(The data begins)
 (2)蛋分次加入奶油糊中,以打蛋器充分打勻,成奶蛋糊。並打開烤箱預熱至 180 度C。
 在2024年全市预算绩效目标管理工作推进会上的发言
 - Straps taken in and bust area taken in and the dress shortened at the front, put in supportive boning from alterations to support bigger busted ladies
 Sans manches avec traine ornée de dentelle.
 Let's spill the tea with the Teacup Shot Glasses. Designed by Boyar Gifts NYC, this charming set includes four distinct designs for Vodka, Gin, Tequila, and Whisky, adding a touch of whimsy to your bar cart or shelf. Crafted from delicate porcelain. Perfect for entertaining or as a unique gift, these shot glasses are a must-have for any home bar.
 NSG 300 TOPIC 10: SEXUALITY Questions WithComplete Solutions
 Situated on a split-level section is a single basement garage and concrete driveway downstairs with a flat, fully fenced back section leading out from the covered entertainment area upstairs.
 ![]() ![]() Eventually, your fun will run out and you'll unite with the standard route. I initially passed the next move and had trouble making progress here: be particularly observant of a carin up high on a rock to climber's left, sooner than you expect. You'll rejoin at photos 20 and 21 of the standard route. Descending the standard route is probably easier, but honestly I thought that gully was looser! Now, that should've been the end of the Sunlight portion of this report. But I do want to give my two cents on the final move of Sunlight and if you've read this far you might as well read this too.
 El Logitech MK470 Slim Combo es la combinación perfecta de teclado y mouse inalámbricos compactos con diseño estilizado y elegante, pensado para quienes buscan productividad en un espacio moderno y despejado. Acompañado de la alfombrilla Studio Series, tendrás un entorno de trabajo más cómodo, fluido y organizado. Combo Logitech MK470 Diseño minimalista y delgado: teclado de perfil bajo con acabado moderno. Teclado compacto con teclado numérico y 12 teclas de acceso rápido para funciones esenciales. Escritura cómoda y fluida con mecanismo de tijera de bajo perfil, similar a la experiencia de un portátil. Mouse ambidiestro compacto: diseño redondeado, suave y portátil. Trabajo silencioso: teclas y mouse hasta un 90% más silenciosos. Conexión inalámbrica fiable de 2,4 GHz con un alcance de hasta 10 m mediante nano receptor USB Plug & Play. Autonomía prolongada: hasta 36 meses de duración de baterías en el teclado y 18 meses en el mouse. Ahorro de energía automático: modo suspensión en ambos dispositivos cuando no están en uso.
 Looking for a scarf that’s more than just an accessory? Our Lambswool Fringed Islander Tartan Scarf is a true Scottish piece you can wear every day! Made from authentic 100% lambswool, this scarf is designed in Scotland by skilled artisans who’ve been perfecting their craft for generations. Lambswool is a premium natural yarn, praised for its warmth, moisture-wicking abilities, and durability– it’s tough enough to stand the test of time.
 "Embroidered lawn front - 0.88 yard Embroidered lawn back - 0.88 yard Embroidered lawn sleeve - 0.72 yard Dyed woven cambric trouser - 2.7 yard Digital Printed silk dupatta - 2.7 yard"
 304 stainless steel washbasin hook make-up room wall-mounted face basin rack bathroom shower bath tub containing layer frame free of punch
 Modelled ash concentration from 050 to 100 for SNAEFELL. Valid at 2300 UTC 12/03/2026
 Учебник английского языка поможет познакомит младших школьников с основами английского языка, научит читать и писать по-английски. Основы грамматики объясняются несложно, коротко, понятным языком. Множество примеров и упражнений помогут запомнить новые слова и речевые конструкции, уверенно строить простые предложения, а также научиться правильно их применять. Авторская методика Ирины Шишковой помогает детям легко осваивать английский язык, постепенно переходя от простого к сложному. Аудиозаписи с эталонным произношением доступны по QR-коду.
(The data ends)
_Task item_
Count every line of the entries that includes "area", and say the number alone.

_Task solution_
2